## [DATA SUPPLIED]

--

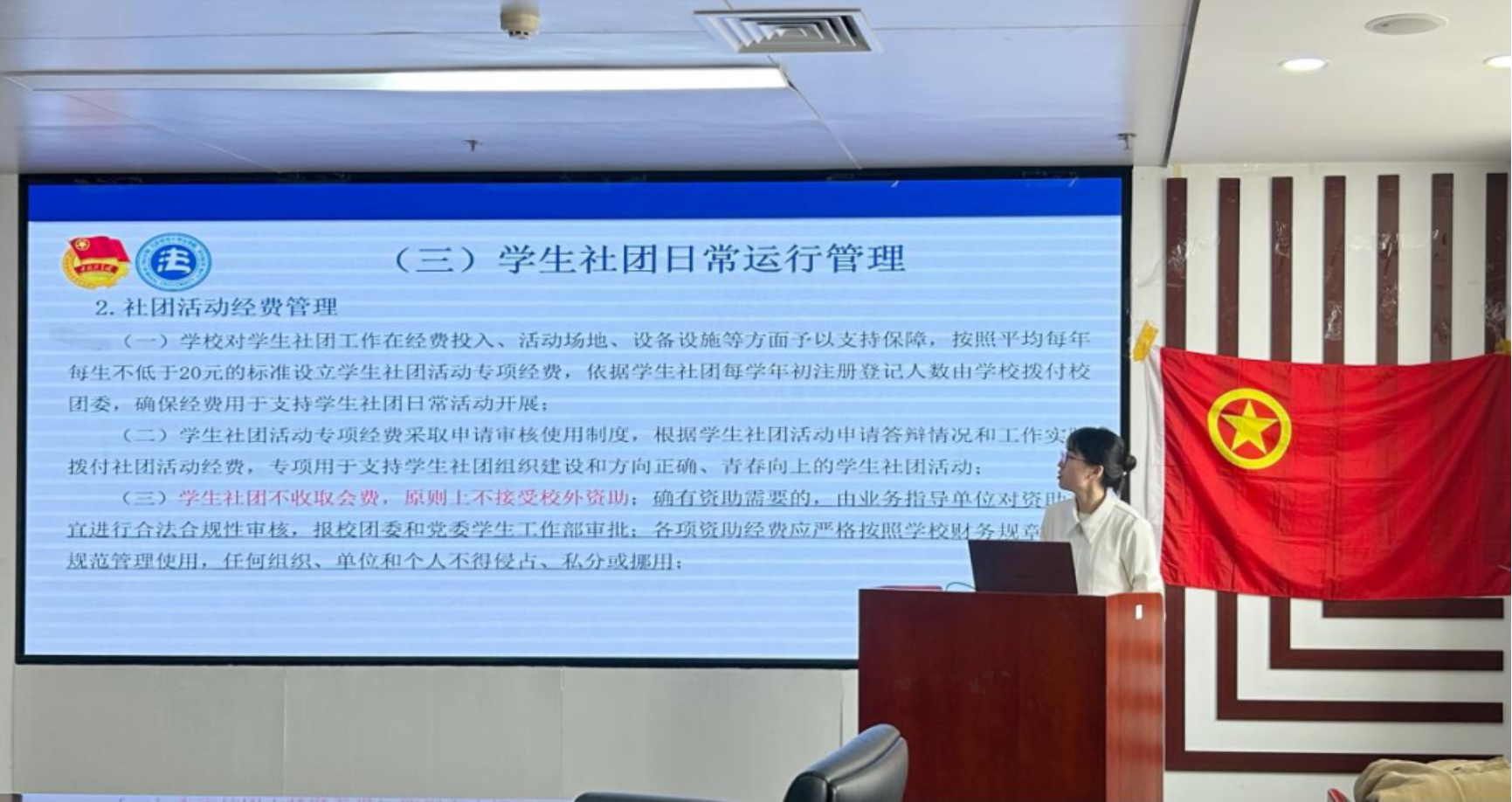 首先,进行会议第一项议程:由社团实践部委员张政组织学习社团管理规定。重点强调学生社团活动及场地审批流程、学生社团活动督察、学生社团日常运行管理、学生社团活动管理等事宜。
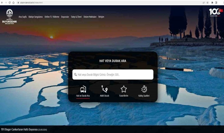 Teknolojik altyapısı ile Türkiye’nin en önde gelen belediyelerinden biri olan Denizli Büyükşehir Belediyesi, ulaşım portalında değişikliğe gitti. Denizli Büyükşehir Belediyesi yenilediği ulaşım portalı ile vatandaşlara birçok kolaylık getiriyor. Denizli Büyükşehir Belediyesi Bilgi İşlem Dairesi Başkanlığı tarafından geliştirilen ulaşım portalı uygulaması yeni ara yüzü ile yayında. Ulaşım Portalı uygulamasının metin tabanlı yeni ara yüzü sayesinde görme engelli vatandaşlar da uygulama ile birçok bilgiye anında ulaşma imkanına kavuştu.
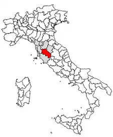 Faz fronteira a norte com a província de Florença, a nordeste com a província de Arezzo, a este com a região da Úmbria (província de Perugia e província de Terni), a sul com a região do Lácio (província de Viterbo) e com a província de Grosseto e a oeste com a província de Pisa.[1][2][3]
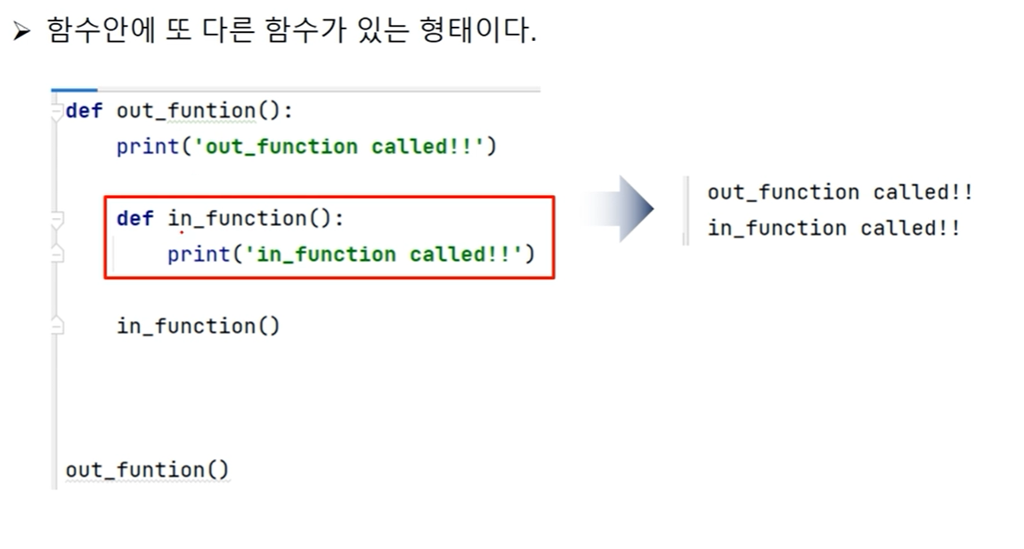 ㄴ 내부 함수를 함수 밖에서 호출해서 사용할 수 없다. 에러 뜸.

--

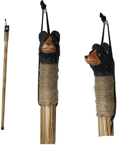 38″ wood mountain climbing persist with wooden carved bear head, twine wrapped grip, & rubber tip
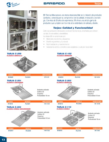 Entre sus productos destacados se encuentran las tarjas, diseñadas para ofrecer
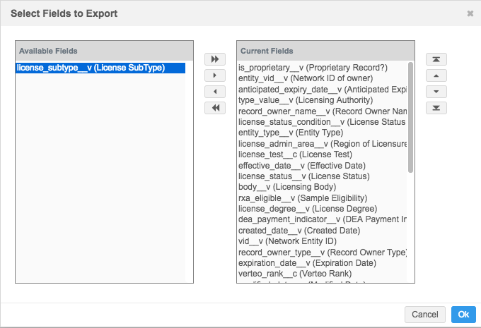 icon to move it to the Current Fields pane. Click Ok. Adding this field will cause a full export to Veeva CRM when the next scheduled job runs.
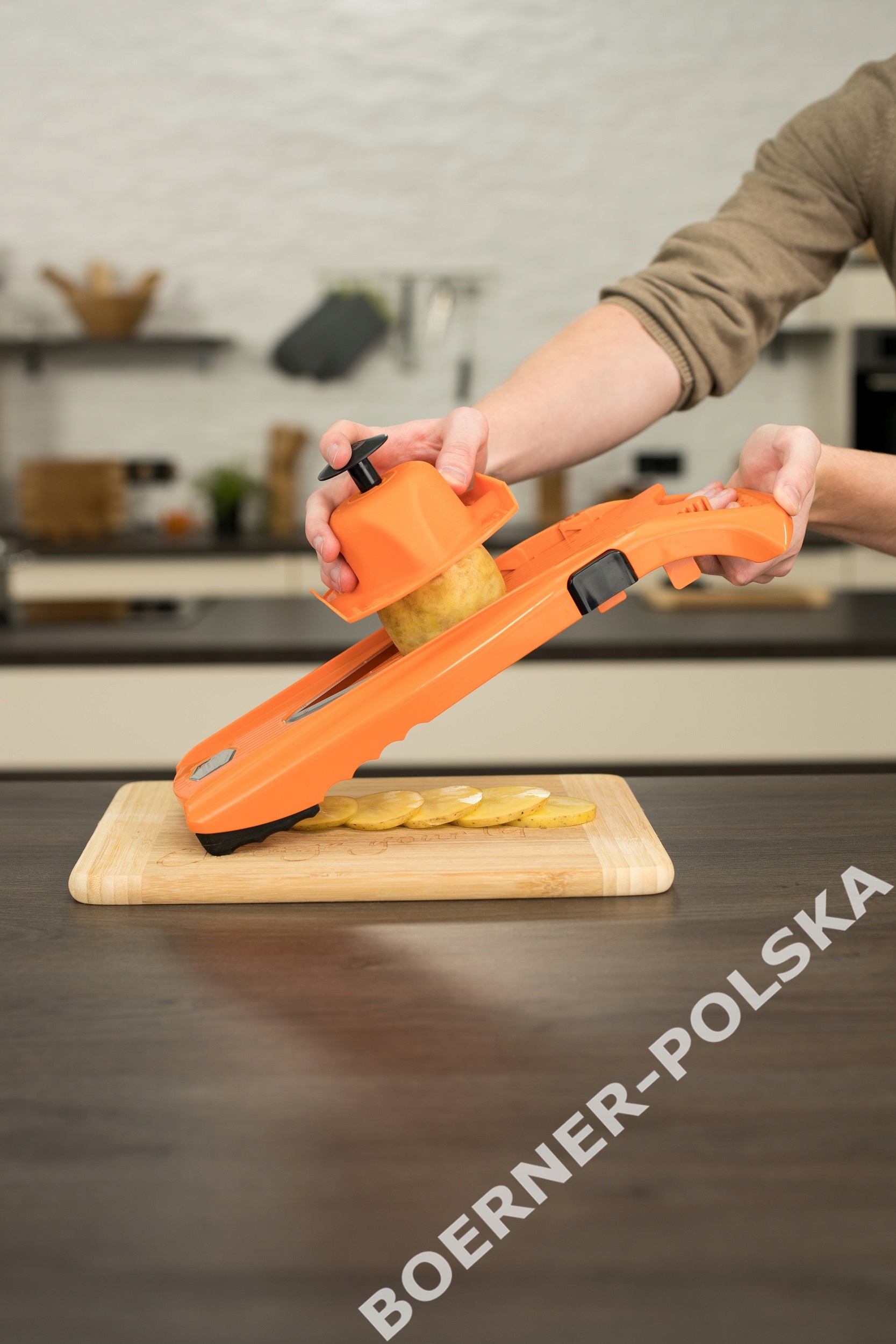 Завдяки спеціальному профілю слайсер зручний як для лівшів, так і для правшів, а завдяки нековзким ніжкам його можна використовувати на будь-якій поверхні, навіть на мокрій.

--

## [WHAT THE EXERCISE ASKS]
Starting at the line that contains "icon to move" and ending at the line that contains "Завдяки спеціальному профілю", transcribe the material above exactly, excluding pictures.

## [RESPONSE BOX]
 icon to move it to the Current Fields pane. Click Ok. Adding this field will cause a full export to Veeva CRM when the next scheduled job runs.
 Завдяки спеціальному профілю слайсер зручний як для лівшів, так і для правшів, а завдяки нековзким ніжкам його можна використовувати на будь-якій поверхні, навіть на мокрій.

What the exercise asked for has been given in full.